I have found a source for raw meat for our dogs that is extremely cost effective, with meat that is safe, hormone free, USDA approved food.

With availability to green tripe, ground beef, salmon, turkey, chicken, some organs, or a premade completely balanced raw. 
Prices per lb range between $0.29-$0.56 per pound. 

Ordering must be done in bulk so the more people that join the cheaper the cost. For more details you can PM me your email address and I will send you the information about it. 

Seeking reliable people who feed raw that can order at least a hundred to a few hundred lbs at a time. We already have a nice group but we are looking to expand to be able to do regular deliveries to our area.


----------



## Karma6577 (Jan 22, 2013)

Bump


Sent from Petguide.com Free App


----------



## 4TheDawgies (Apr 2, 2011)

Yes Karma6577 got lucky and messaged me right before our order and got to squeeze in. Everyone loved the meat they got and plan to continue to order. Still looking for more people in the Kansas city area. Even if you live in Wichita, or in missouri a few hours away. The quality of meat, the cost, ordering in bulk, it makes it worth it! 

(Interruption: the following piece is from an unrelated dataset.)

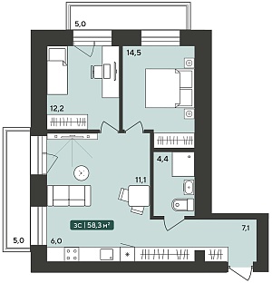 Максимум естественного света и ощущение будто вы живете в собственном загородном доме – вот, что ждет вас в такой просторной планировке.
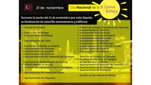 El AMARILLO iluminará España por el Día Nacional de la Espina Bífida: un símbolo de visibilidad y apoyo

I am really excited at this find and will be ordering a lot of meat from this company!!


----------



## blacksheph (Jun 7, 2014)

Hi, Are you still placing orders? I would like to join. We live in Kc area.

Thanks,

alesia


----------



## blacksheph (Jun 7, 2014)

*Kc area...order with you*



4TheDawgies said:


> I have found a source for raw meat for our dogs that is extremely cost effective, with meat that is safe, hormone free, USDA approved food.
> 
> With availability to green tripe, ground beef, salmon, turkey, chicken, some organs, or a premade completely balanced raw.
> Prices per lb range between $0.29-$0.56 per pound.
> ...




Would like to order with you. Live in kc area. How do I get more info?

Alesia


----------